Do not copy the pictures. Write out the lines from the start of the entries through the line containing "コッペパン、牛乳、ブルーベリ".

*** Opening THE DATA ***

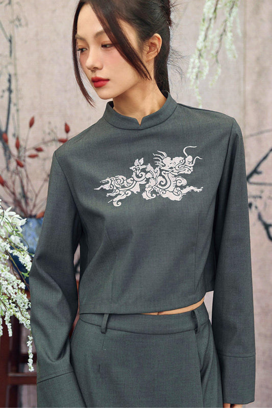 Dragonborn 자수 블레이저 탑
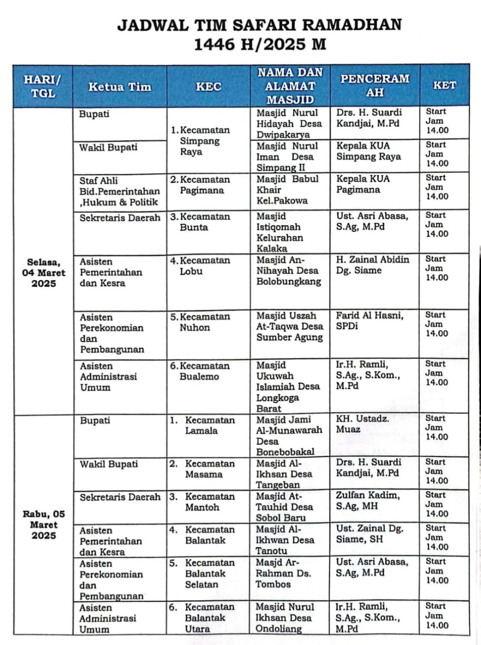 Pada hari pertama, Bupati Amirudin yang tergabung dalam Tim I akan melaksanakan safari Ramadhan di Masjid Nurul Hidayah, Desa Dwipakarya, Kecamatan Simpang Raya. Tausiyah akan dibawakan oleh Kepala Kementerian Agama (Kemenag) Banggai, Drs. H. Suardi Kandjai, M.Pd.
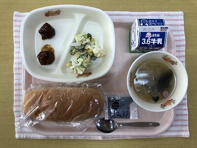 コッペパン、牛乳、ブルーベリージャム、ミートボール2ケ、スイートコーンのサラダ、ウインナーと野菜のスープ
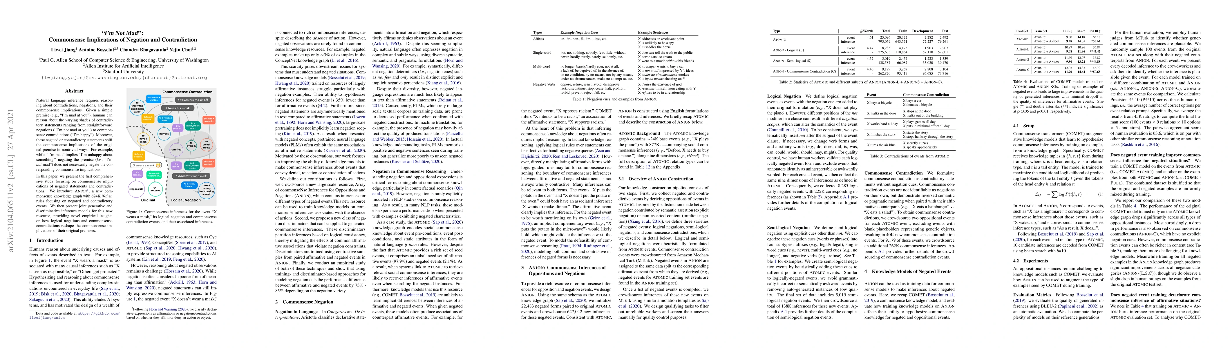 Natural language inference requires reasoning about contradictions, negations, and their commonsense implications. Given a simple premise (e.g., "I'm mad at you"), humans can reason about the varying shades of contradictory statements ranging from straightforward negations ("I'm not mad at you") to commonsense contradictions ("I'm happy"). Moreover, these negated or contradictory statements shift the commonsense implications of the original premise in nontrivial ways. For example, while "I'm mad" implies "I'm unhappy about something," negating the premise (i.e., "I'm not mad") does not necessarily negate the corresponding commonsense implications. In this paper, we present the first comprehensive study focusing on commonsense implications of negated statements and contradictions. We introduce ANION1, a new commonsense knowledge graph with 624K if-then rules focusing on negated and contradictory events. We then present joint generative and discriminative inference models for this new resource, providing novel empirical insights on how logical negations and commonsense contradictions reshape the commonsense implications of their original premises.
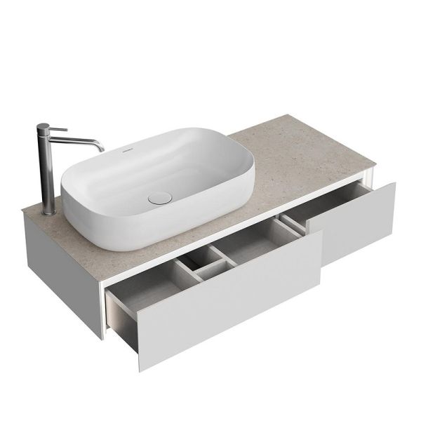 Подвесная тумба MAGICA в размере 120 см оснащена двумя выдвижными ящиками. Тумба используется с керамической столешницей (приобретается отдельно) и одной из накладных или встраиваемых сверху раковин MAGICA. На выбор для создания уникальной ванной комнаты предлагаются три цвета фасадов и корпуса. В мебели MAGICA представлена двойная сенсорная подсветка: изящным контуром подчеркнут фаcад, дополнительное интерьерное освещение предусмотрено в нижней части.
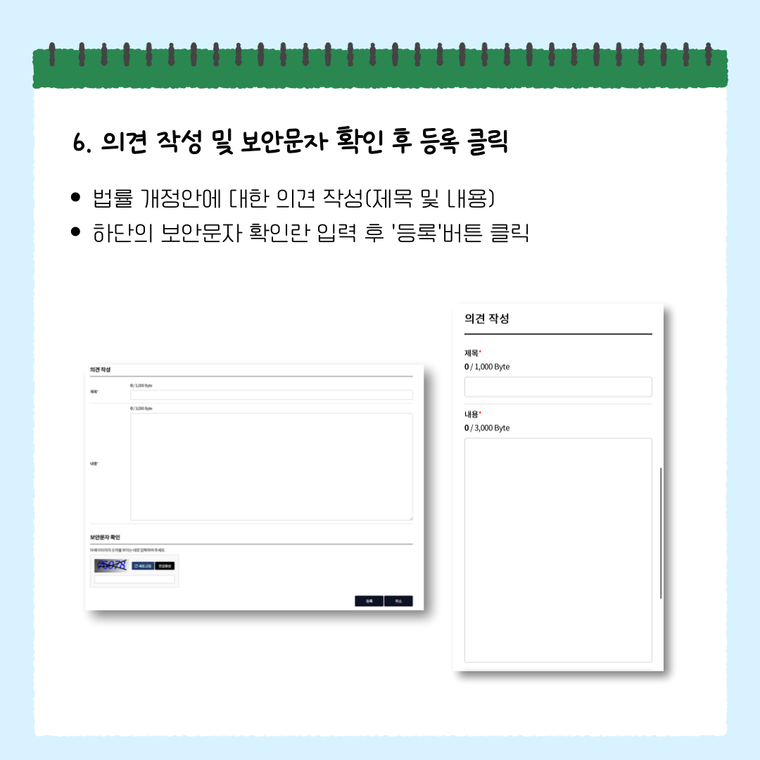 6️⃣ 의견 작성(제목 및 내용) 및 보안문자 확인 후 '등록' 클릭
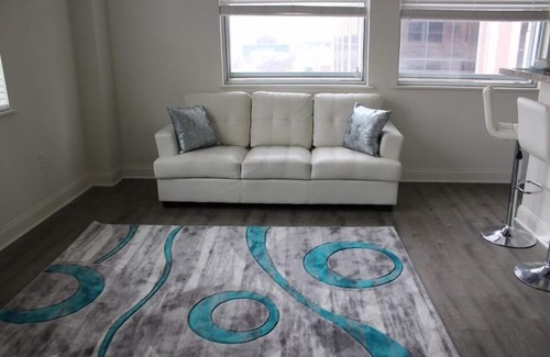 This condo features a nice quiet and spacious area. The living room is a nice size with a partial view of downtown Indianapolis. There is street and garage parking. The condo is near the famous Indiana state and sailors monument at the circle. It is also near many restaurants like Fogo de chow, Capital Grille, Prime 47, Panera bread, and Giordano’s and many more..
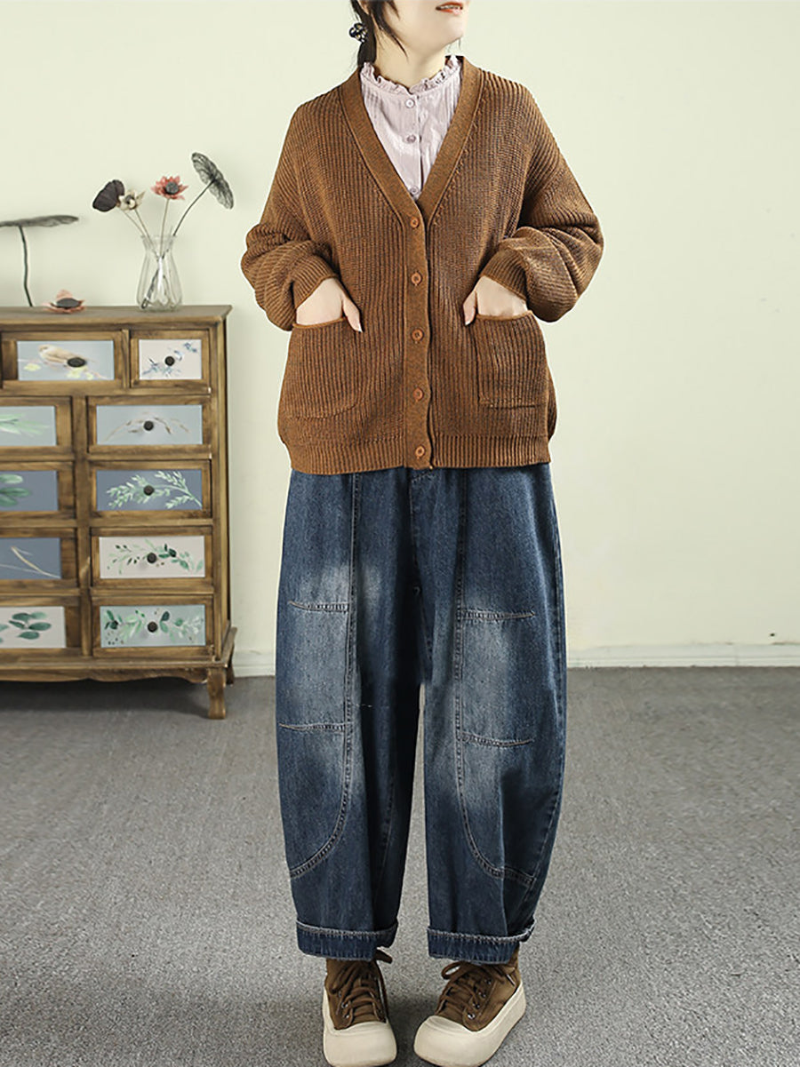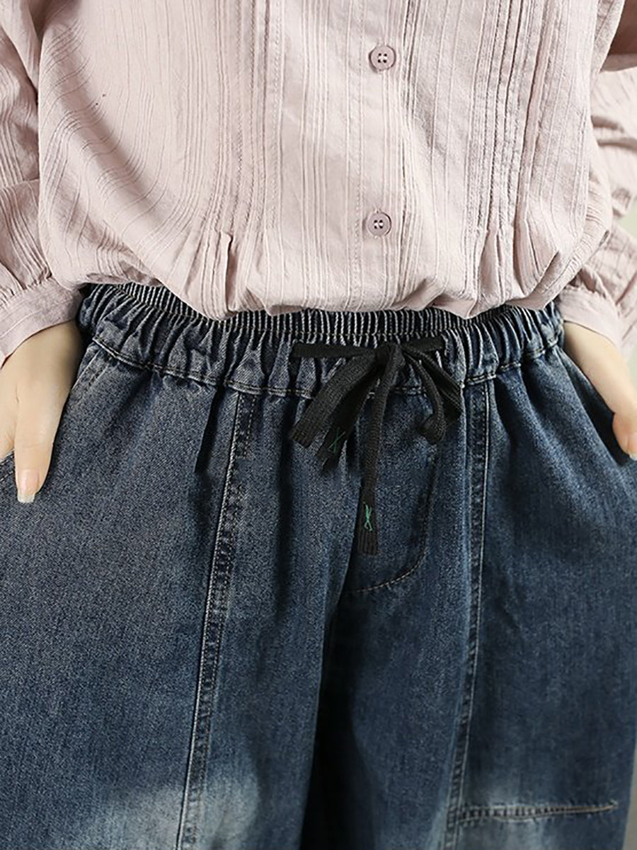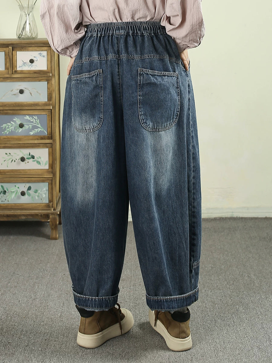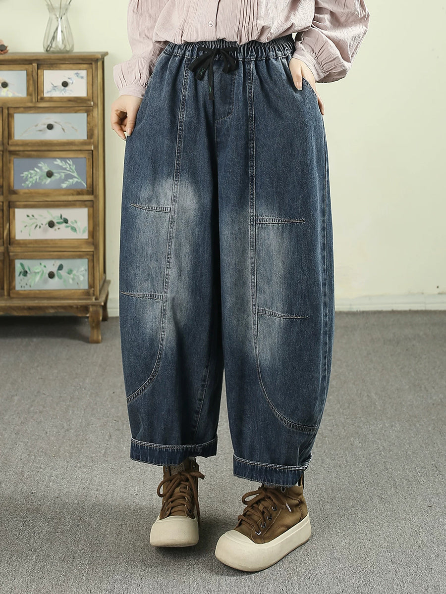 Calça Harem Feminina Vintage de Primavera em Jeans com Recortes

*** Closing THE DATA ***

### [EXPECTED ANSWER]
 Dragonborn 자수 블레이저 탑
 Pada hari pertama, Bupati Amirudin yang tergabung dalam Tim I akan melaksanakan safari Ramadhan di Masjid Nurul Hidayah, Desa Dwipakarya, Kecamatan Simpang Raya. Tausiyah akan dibawakan oleh Kepala Kementerian Agama (Kemenag) Banggai, Drs. H. Suardi Kandjai, M.Pd.
 コッペパン、牛乳、ブルーベリージャム、ミートボール2ケ、スイートコーンのサラダ、ウインナーと野菜のスープ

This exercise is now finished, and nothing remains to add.